His best friend looked small and frail, crumpled in a heap against the far right wall of his cell. His clothes were filthy and torn, his jeans hanging off his bony hips. His hair lay flat, dingy as straw on top of his head. And his face had been beaten badly…so badly. He would have been unrecognizable if not for the tattoos on his hands, and Aidan’s innate sense that this was one of his favorite people in the world.
Ian came to stand beside him, breath catching audibly. “Oh, Jesus…”
“Kev,” Aidan called again, and that was when he noticed there was someone in the next cell. Someone who was, best as he could tell, resting a tiny hand on Kev’s shoulder, through the bars. “Hey, who are you?” he called. Over his shoulder: “Carter, go back and try to find keys off that asshole I shot.”
“Got it.”
Aidan prowled down to the front of the next cell, and got a look at whoever was touching Kev.

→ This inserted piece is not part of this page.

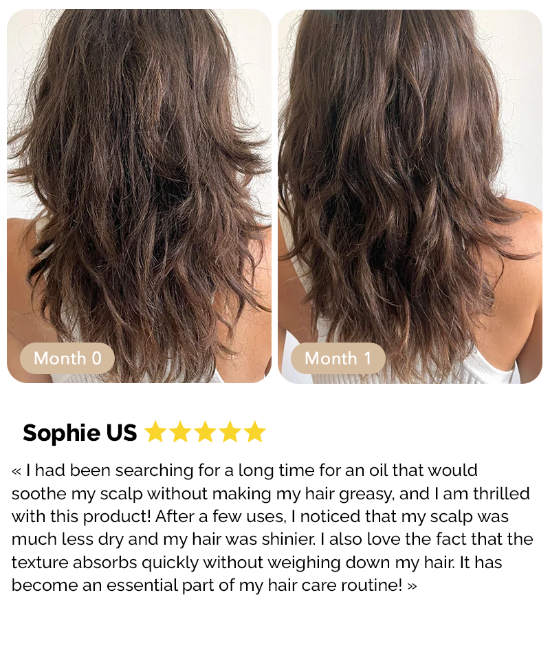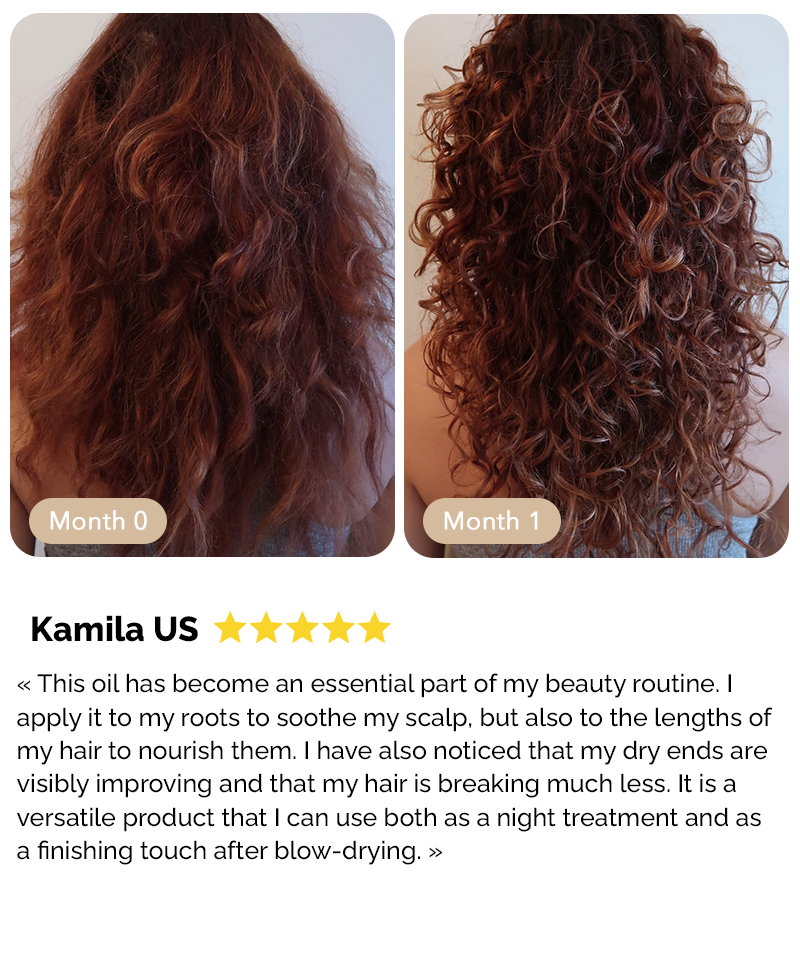 Ringelblumensamenöl : Regeneriert und beruhigt die Kopfhaut, spendet intensive Feuchtigkeit.

It was a girl, a small, trembling, dark-haired girl who didn’t look like she was out of high school.
Aidan sighed and forced himself to calm. He could hear gunshots overhead, and he was panicking about Fox…but he had to be the good guy here. “Hey,” he said, softly. “Who are you?”
She lifted her chin in defiance, but said nothing.
He heard Carter coming up behind him, the rattle of keys the most beautiful sound in the world. “Sweetheart,” he said, even more gently. “My name’s Aidan, and I’m a Lean Dog, like Kev.” He was betting, given the way she crouched over him, that the two had shared personal details. “He’s my very best friend, and I’m here to take him home.”
“Aidan?” Her expression changed, stark fear bleeding through the defensive mask. “Oh God. Really? He said…” Tears filled her eyes and she pressed her lips together.
“Aidan?” Tango’s croaky, but unmistakable voice asked. “You’re there?”
“I’m here.” He took the keys from Carter and tried one, the next… “I’m here, I’m here.” Ah, that one worked. The door slid back on oiled rollers and Aidan charged into the cell.
Tried to. Ian crowded him, attempted to get in first. Aidan elbowed him roughly. “Stay back, asshole. He doesn’t need your shit right now.”
A long-fingered hand clamped on his arm and he shook it off. “Carter, if that English prick touches me again, shoot him.”